NICE process and methods

2 Topic selection and scoping the guidance

2.1 Introduction and overview of process

This chapter describes how topics for public health guidance are selected, and how the scope of the guidance is developed.

Suggestions for topics come from a variety of sources including:

  • stakeholders

  • NICE advisory committees

  • topic advisory workshops (TAWs)

  • the guidance review process

  • other NICE guidance producing centres.

Centre for Public Health Excellence (CPHE) also liaises with a range of key stakeholder and practitioner groups to identify topics, for example the Association of Directors of Public Health, the Faculty of Public Health and the Royal Colleges, as well as the key stakeholders mentioned in the consultation proposals (Department of Health [DH], Public Health England and Local Government).

Once a topic has been proposed it is considered by the NICE internal topic selection group – a cross institute group with representation from CPHE, implementation and field team leads, and quality systems.

If the internal group decides the topic is a priority for public health guidance, a background briefing paper (section 2.2) is produced. A TAW (section 2.2.4) is convened and develops a set of potential draft referrals in the topic area. The workshop is also an opportunity to suggest any additional topics that may need NICE public health guidance.

The draft referrals are discussed with policy leads at the DH, who then prepare a submission to ministers for formal consideration (see section 2.2.5). On completion of this stage of the process, a formal ministerial referral to develop public health guidance on the topic is made to NICE.

When NICE receives the ministerial referral, CPHE determines its place in the forward work programme. Once the project gets underway, CPHE develop the scope of the topic that sets out what the guidance will and will not cover (see sections 2.3, 2.4, 2.5).

2.2 Briefing paper for the TAW

2.2.1 Using the conceptual framework to construct a logic model

After holding the internal topic selection meeting and identifying a potential topic area, the CPHE, assisted by NICE information services, will prepare the briefing paper for the TAW.

The first step is to use the NICE public health conceptual framework (section 1.4) to construct a topic-specific conceptual framework (see below and appendix A).

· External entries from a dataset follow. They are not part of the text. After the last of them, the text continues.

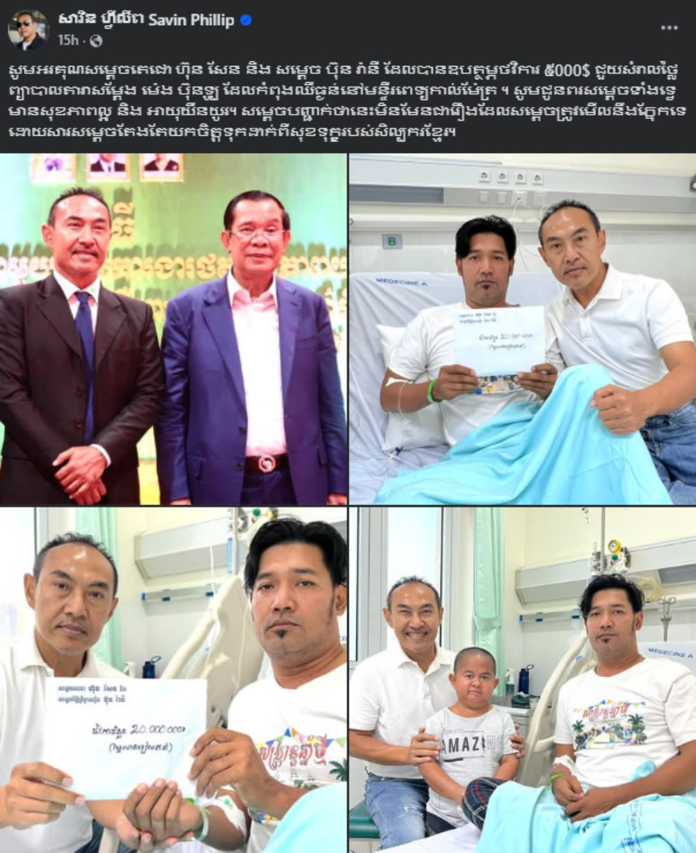យ៉ាងណាមិញ យោងតាមសំណេរលោក សាវីន ហ្វិលិព បានថ្លែងអំណរគុណយ៉ាងដូច្នេះថា៖ «សូមអរគុណសម្ដេចតេជោ ហ៊ុន សែន និង សម្ដេច ប៊ុន រ៉ានី ដែលបានឧបត្ថម្ភថវិការ ៥០០០$ ជួយសំរាលថ្លៃព្យាបាលតារាសម្ដែង ម៉េង ប៊ុនទ្បូ ដែលកំពុងឈឺធ្ងន់នៅមន្ទីរពេទ្យកាល់ម៉ែត្រ ។ សូមជូនពរសម្ដេចទាំងទ្វេមានសុខភាពល្អ និង អាយុយឺនយូរ។ សម្ដេចបញ្ជាក់ថានេះមិនមែនជារឿងដែលសម្ដេចត្រូវមេីលនឹងភ្នែកទេដោយសារសម្ដេចតែងតែយកចិត្តទុកដាក់ពីសុខទុក្ខរបស់សិល្បករខ្មែរ»។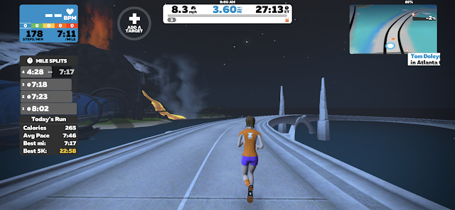On my second run I ran through Watopia....which is Zwift's fantasy island. There I got to run near a volcano and on the beach!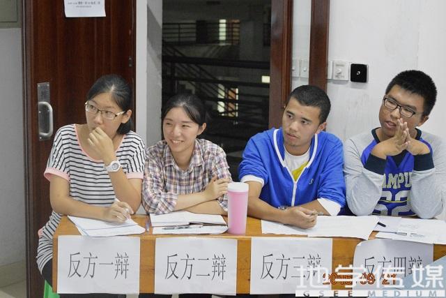 2015年9月21日晚,地球科学与环境工程学院新生杯辩论赛在X7401正式拉开序幕。地质一班与环境五班的辩手们以“全民微信时代增强还是减弱了人与人之间的交流”为辩题进行了辩论。正方:地质一班,坚持的观点为“全民微信时代增强了人与人之间的交流”;反方:环境五班,坚持的观点为“全民微信时代减弱了人与人之间的交流”。
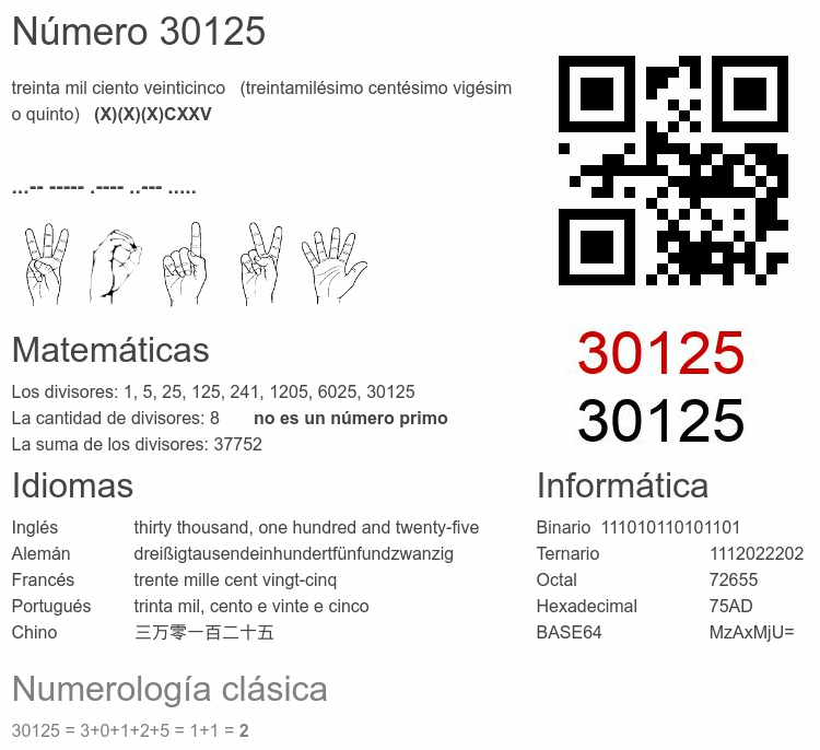 Si conoce algo interesante sobre el número 30125 o cualquier número natural (entero positivo), por favor escríbanos.Número 30 125 en otras unidades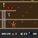 Description: Scylla the witch is back again, and this time she has in her possession the formula for supreme evil. She needs the rare black diamonds for her formula - and they are only to be found on Jungle Island where the Kikurians live. With Don Croco's help, she has captured all the wretched Kikurians and forced them to toil in the mines, day and night. Hugo must free all the captured Kikurians and stop the production of Scylla's evil potion.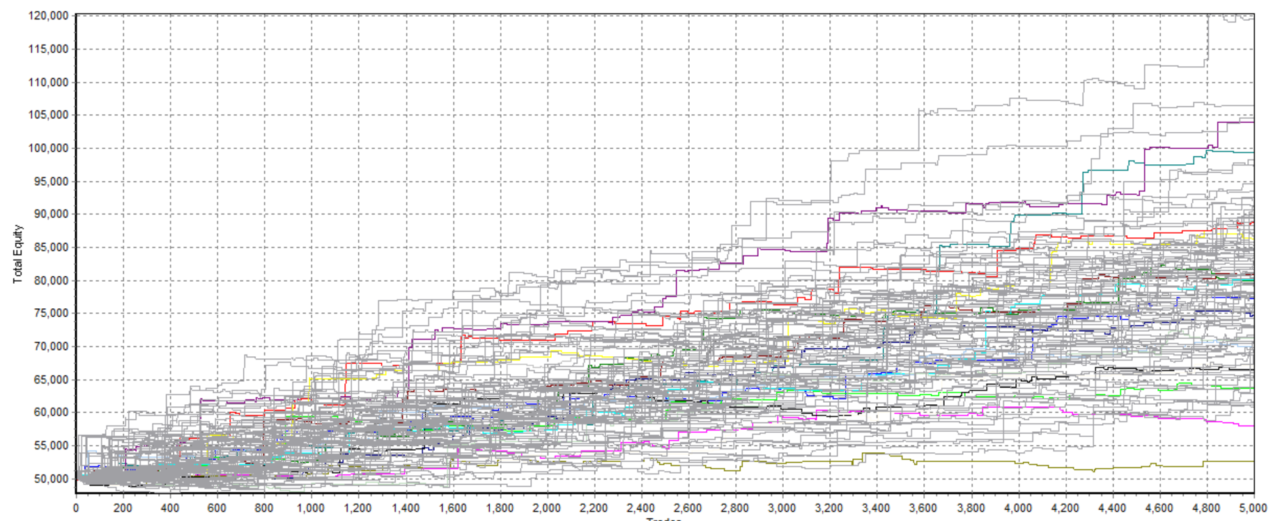 Mirar que las diferentes curvas con Montecarlo también puede ser útil pero creo que es más indicativo que los dd sean estables. Al fin y al cabo si el dd máx no se va mucho del original indica que la curva de equity es parecida ya que el beneficio obtenido siempre va a ser el mismo (siempre que no apliques money management, claro).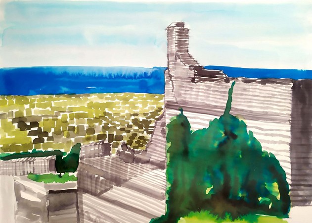 Η Θεσσαλονίκη, η πόλη όπου γεννήθηκε και μεγάλωσε, λειτουργεί ως ένα διακριτικό αλλά σταθερό υπόβαθρο στη δουλειά του. Δεν πρόκειται για την τυπική εικονογραφία των αναγνωρίσιμων ορόσημων, αλλά για κάτι πιο διάχυτο και υπαινικτικό. «Αν ήμουν σε άλλη πόλη, θα ζωγράφιζα κάτι άλλο. Όμως σίγουρα η Θεσσαλονίκη είναι από μόνη της έμπνευση», λέει. «Θα έλεγα ότι με εμπνέει περισσότερο να ζωγραφίζω εικόνες από το κέντρο, το παραλιακό μέτωπο, τον Λευκό Πύργο και τη Ροτόντα, αλλά και την Άνω Πόλη. Όμως ολόκληρη η Θεσσαλονίκη είναι ένα μνημείο από μόνη της. Είναι σταυροδρόμι των Βαλκανίων, κομμάτι πολλών πολιτισμών».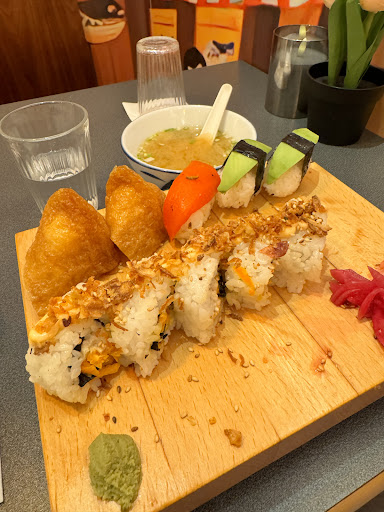 Read moreReally nice place run by lovely staff. I was a bit suspicious of the red pepper nigiri but it turned out to be slightly braised and peeled. It was the best of the combo. The rice was fresh and tasty, the only thing to improve in my humble opinion is the tightness of the maki roll. In some bites the rice was falling off because it was not pressed enough. The nigiri were excellent. The complementary miso soup was vegan, a big plus since it usually contains bonito. It was so nice and smooth. Dumplings were nice, crunchy on the outside and soft on the inside.

This framework may incorporate the assumed relationships between action and outcomes and, if possible, any relevant programme theory or theory of change (Pawson 2006; Weiss 1995).

The framework is used to:

  • help define the key issues involved in a broad topic area

  • specify where more focused and clearly defined topics fit into the overall strategic map of public health topics developed so far by CPHE.

Topics are mapped onto the vectors of causation outlined in the framework (population, environment, society and organisations) and cross-classified according to the potential level of intervention (population, community, organisation, family, domestic or individual).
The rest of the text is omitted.